# Led Lights



## hottubwilly (May 3, 2008)

We wanted to change the lights above our bed to something not so bright and I read about "warm white" LED lights. I found them at www.superbrightleds.com the part number is WLED-WW5 cost US$3.94 each.

Here are some pics

On the left is the LED and on the right is the original bulb









LED bulb installed in light over the bed









Lights over bed, regular bulb on left, LED on right









LED and regular bulbs (with miniature wedge base) side by side


----------



## luverofpeanuts (Mar 9, 2010)

nice. I was thinking of upgrading too. Is it roughly the same brightness or is it quite a bit less?


----------



## hottubwilly (May 3, 2008)

The warm white is definitely not nearly as bright but I only saw it in the daylight. We'll be out next weekend and will try it out. I was thinking of maybe replacing all of the interior lights. They are also available in amber, red and blue as well.


----------



## Troy n Deb (Aug 31, 2009)

I agee the stock lights are way too bright late at night. I removed them and went to an auto parts store and replaced with red bulbs. They work on the same principle as a photo dark room. Now it can be left on until both of you are in bed.


----------



## rdvholtwood (Sep 18, 2008)

Nice Pictures - gives great comparison - Let us know how they work out for you...


----------



## Patty (Mar 4, 2010)

Wow! That's a price that is do-able. Let us know how it is at night.


----------



## TundraRoo (Mar 9, 2010)

Thanks for bringing this up. I had been contemplating LED replacement lights to fit existing fixtures and reduce power consumption while dry camping and you beat me to it.


----------



## hottubwilly (May 3, 2008)

Added some color LED lights for my daughter in the rear slide room. She wanted one blue and one green.

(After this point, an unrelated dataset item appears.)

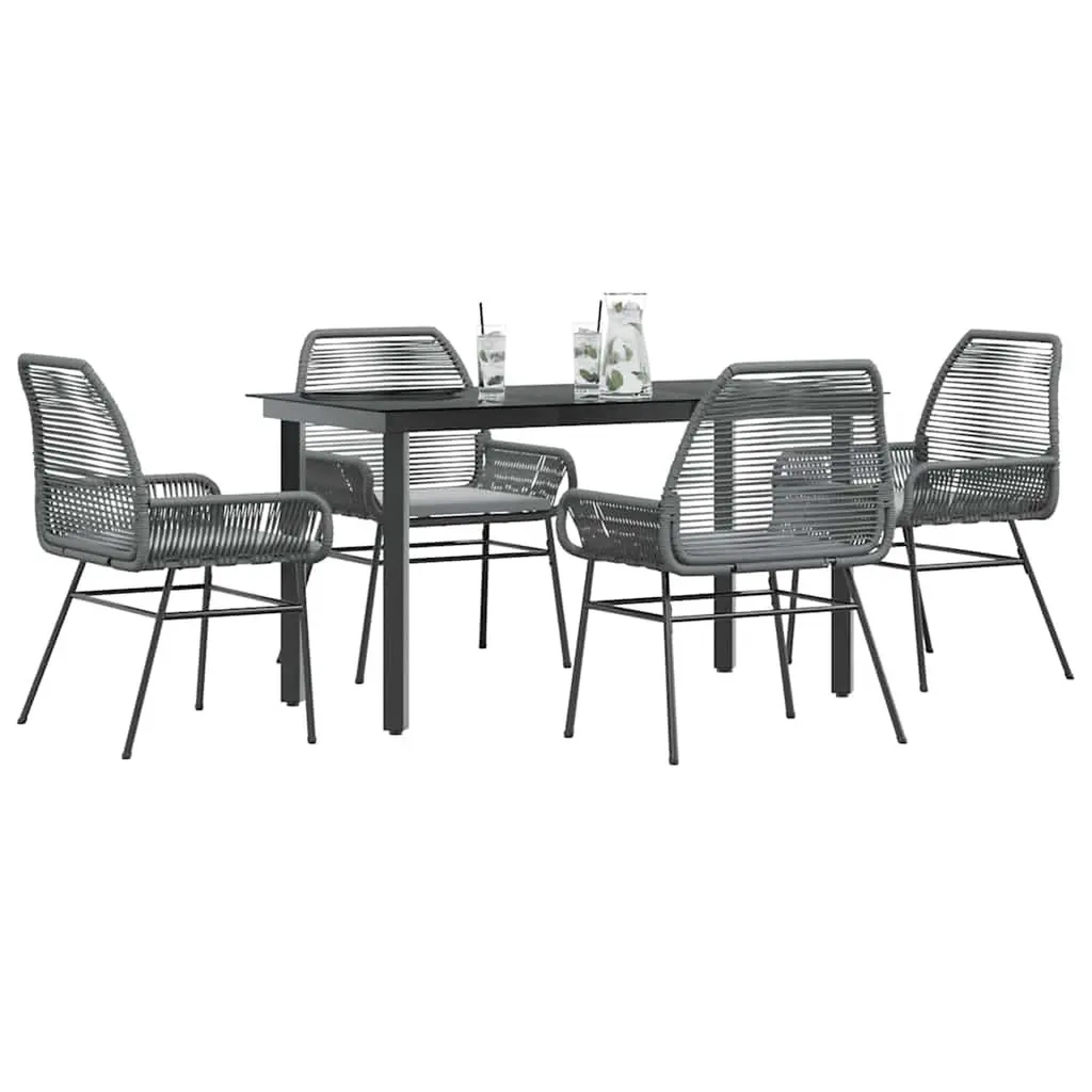 This 5-piece garden dining set combines elegant design with practicality, showcasing a modern style that brightens up any outdoor space. Built from sturdy materials, it includes a stylish rectangular table with tempered glass and four comfy chairs, making it perfect for outdoor dining or get-togethers with friends and family. Stylish Appearance: The set sports a chic grey poly rattan look, blending beautifully with outdoor aesthetics and providing a welcoming vibe for your garden or patio.Convenient to Clean: Each cushion comes with a removable cover, making cleaning a breeze and keeping the set fresh all year round.Comfort-Enhanced Features: The cushions are nicely padded for comfort, letting you and your guests enjoy longer meals without any fuss.Robust Construction: Made from UV-resistant materials, the set can handle sun exposure, ensuring it stays beautiful and functional for a long time.Practical Dimensions: The set accommodates up to four people easily, making it great for small gatherings, barbecues, or quiet meals outdoors.

Makes for come cool lighting back there at night


----------



## Chabbie1 (Dec 3, 2006)

We just replaced all interior bulbs with these LED's:

36 LED's

They are plenty bright. So, now we only need to run 1 or 2 lights at a time. It is more of a pure white light.

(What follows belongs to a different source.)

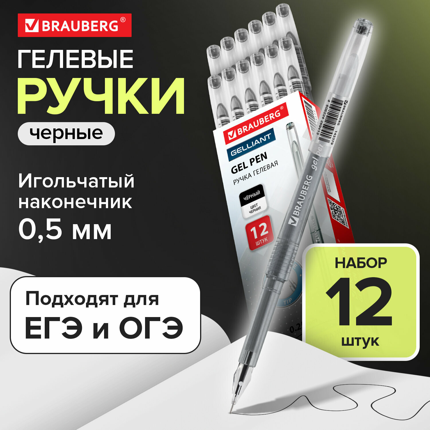 Ручка гелевая BRAUBERG DIAMOND, комплект 12 штук, черная, узел 0,5 мм, линия письма 0,25 мм, 880205 информация:
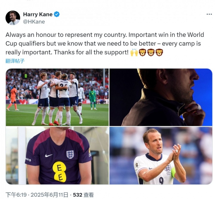 凯恩社媒:代表祖国出战始终是我的荣幸,我们深知需要做到更好

We replaced the outside lights with these LED's:

Outside lights

We haven't actually camped yet with them, so not sure if the outside ones are bright enough.

Will let you know soon!


----------



## Nathan (Jan 2, 2007)

Ok, so I had to get in on this one. I ordered some of the LED's mentioned by the OP and some that were super bright (best I can tell 4x the lumens. We'll try the dim ones over beds and the brighter in the main area and report the results.


----------